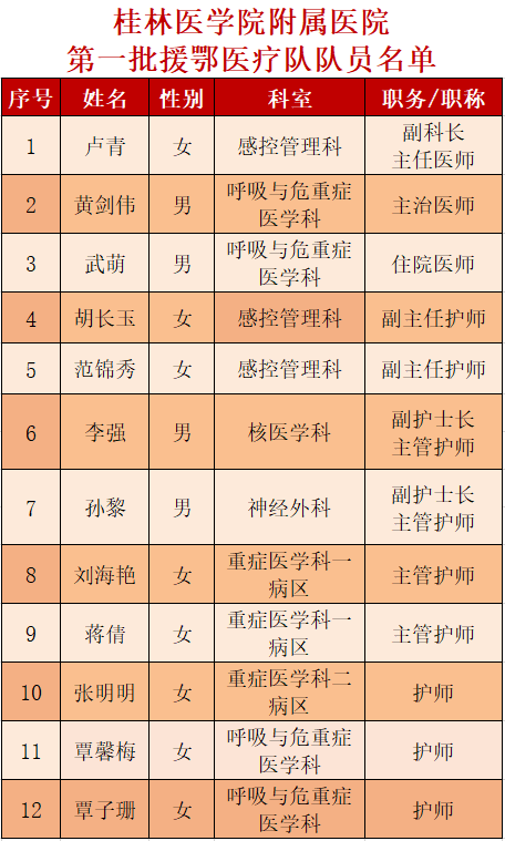 桂医附院首批驰援武汉医疗队的12名英雄分别是谁?
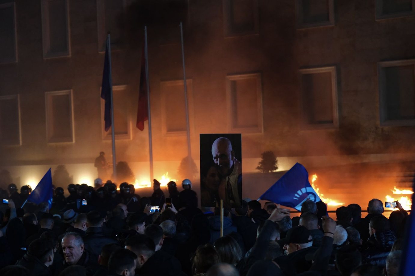Gjatë protestës së opozitës të zhvilluar mbrëmjen e sotme para Kryeministrisë, janë shënuar episode tensioni, ku persona ende të paidentifikuar kanë hedhur mjete ndezëse në drejtim të godinës qeveritare.
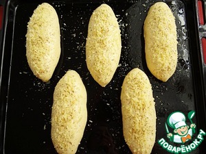 Посыпаю пирожки тертым пармезаном (можно использовать любой твердый сыр), прованскими травами.
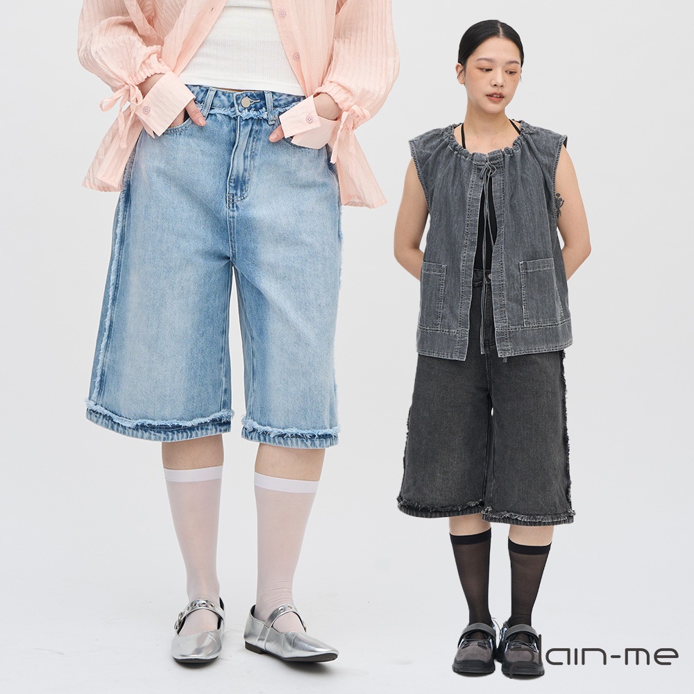 plain-me [SAAKO 不收邊] 丹寧 七分褲 短褲 牛仔短褲 [SAA1706-251]淺藍,S|淺藍,M|淺藍,L|黑,S|黑,M|黑,Lplain-me 官方旗艦店
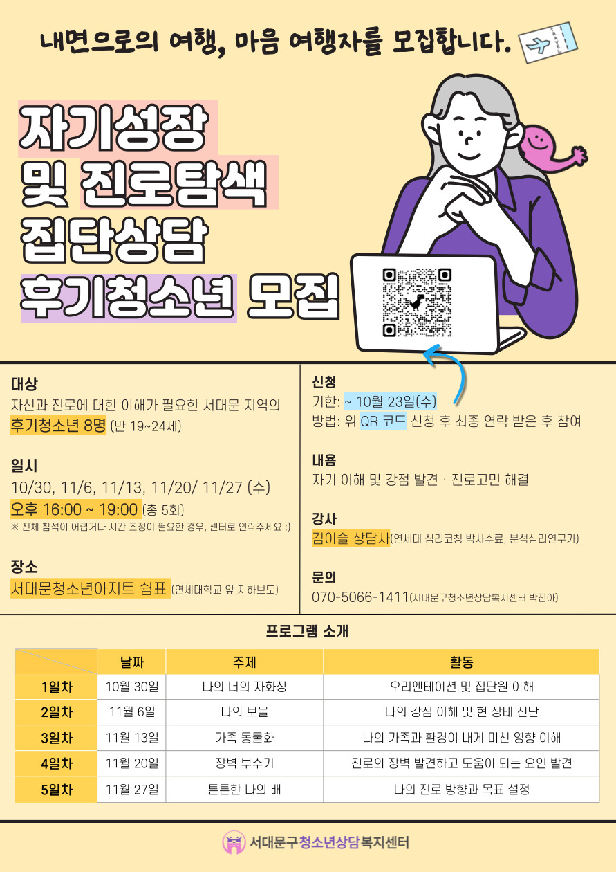 서대문구청소년상담복지센터에서는 2학기를 맞이하여 자기성장 및 진로 집단상담을 계획하고 있습니다.
────────────────────
* **ASSIGNMENT**: What you return must match the material above exactly, apart from its pictures.

* **TASK SOLUTION**:
 桂医附院首批驰援武汉医疗队的12名英雄分别是谁?
Gjatë protestës së opozitës të zhvilluar mbrëmjen e sotme para Kryeministrisë, janë shënuar episode tensioni, ku persona ende të paidentifikuar kanë hedhur mjete ndezëse në drejtim të godinës qeveritare.
 Посыпаю пирожки тертым пармезаном (можно использовать любой твердый сыр), прованскими травами.
 plain-me [SAAKO 不收邊] 丹寧 七分褲 短褲 牛仔短褲 [SAA1706-251]淺藍,S|淺藍,M|淺藍,L|黑,S|黑,M|黑,Lplain-me 官方旗艦店
 서대문구청소년상담복지센터에서는 2학기를 맞이하여 자기성장 및 진로 집단상담을 계획하고 있습니다.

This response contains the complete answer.